— Source material —
* * *

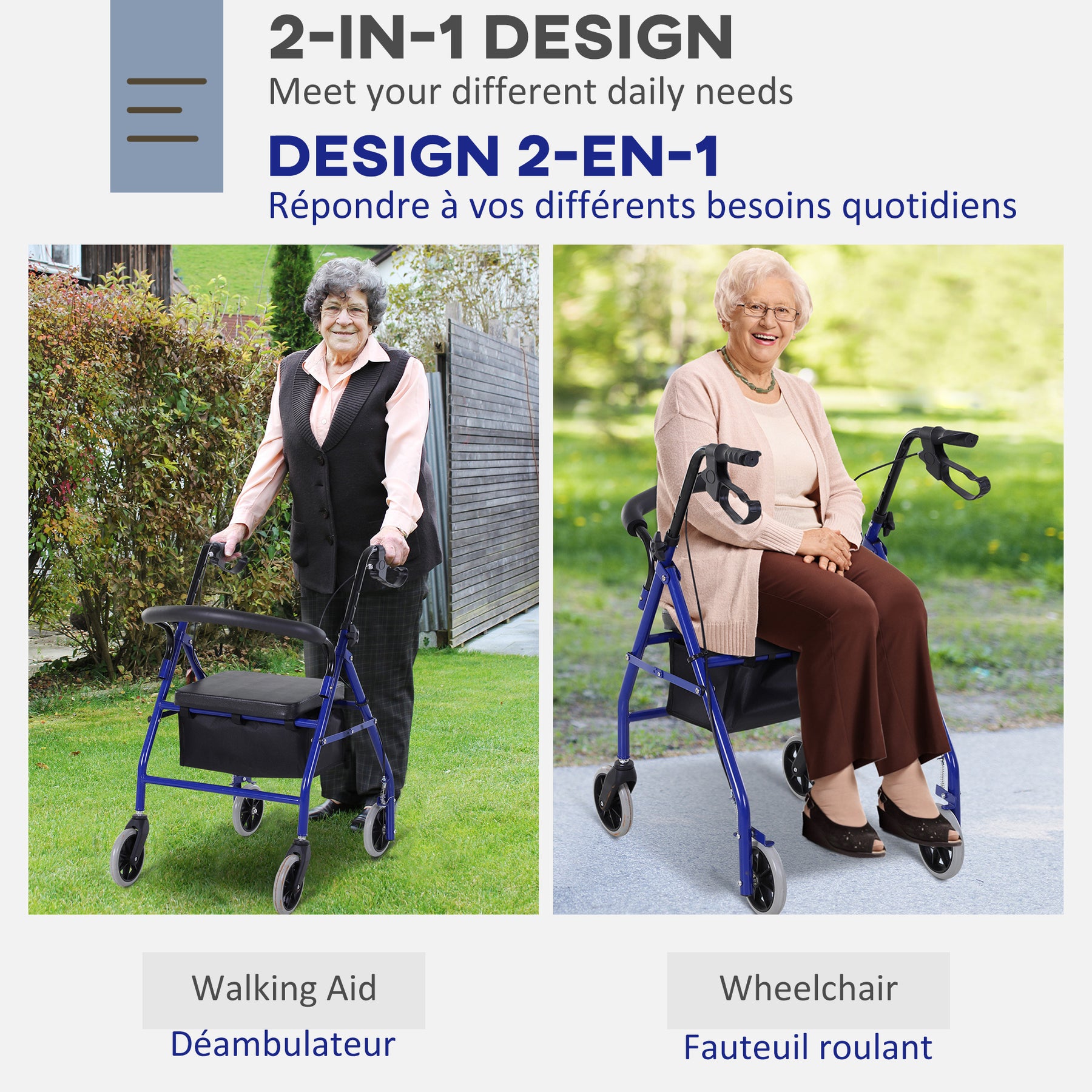 - • 2-in-1 design, both a rollator walker and a wheelchair
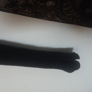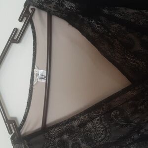 longsoft sleeves, black lace overlay over tan lining, 2 straps of velour/ velvet lead to a back tie, decent wearable pre-owned condition showing very light pilling noted, no holes or stains, size L by Studio Y . measurements are roughly 25" from shoulder to hem and about 17" pit to pit, plunging v neck reminds of a wrap. pet friendly non smoking home
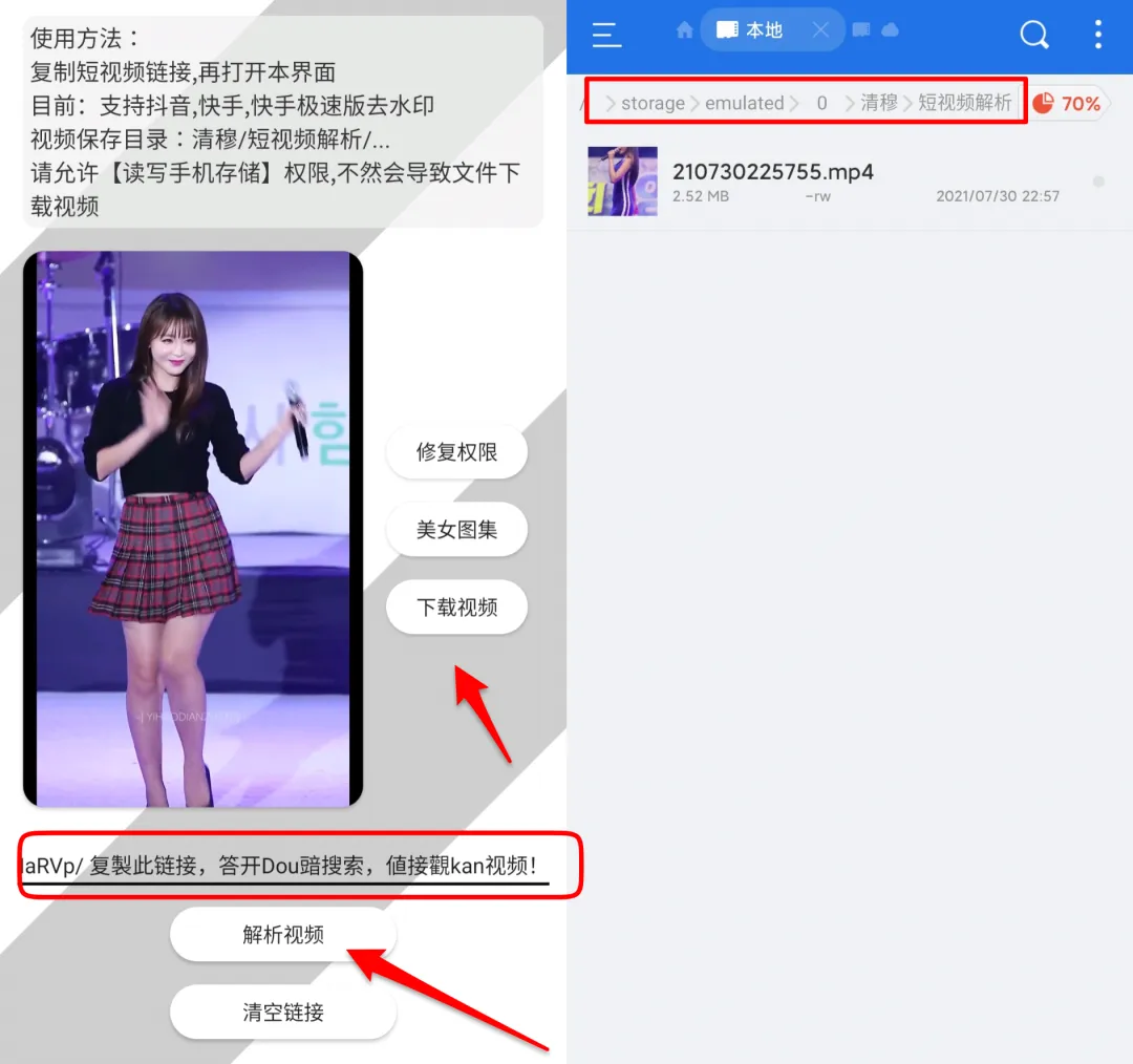 下载完成的视频文件就可以在手机相册内看的,如果看不到可以用文件管理器在储存空间的根目录/清穆/短视频解析,文件夹内可以找到!

* * *

— Task statement —
Please retype the whole listing above exactly, without any of its images.

— Solution to this task —
 - • 2-in-1 design, both a rollator walker and a wheelchair
 longsoft sleeves, black lace overlay over tan lining, 2 straps of velour/ velvet lead to a back tie, decent wearable pre-owned condition showing very light pilling noted, no holes or stains, size L by Studio Y . measurements are roughly 25" from shoulder to hem and about 17" pit to pit, plunging v neck reminds of a wrap. pet friendly non smoking home
 下载完成的视频文件就可以在手机相册内看的,如果看不到可以用文件管理器在储存空间的根目录/清穆/短视频解析,文件夹内可以找到!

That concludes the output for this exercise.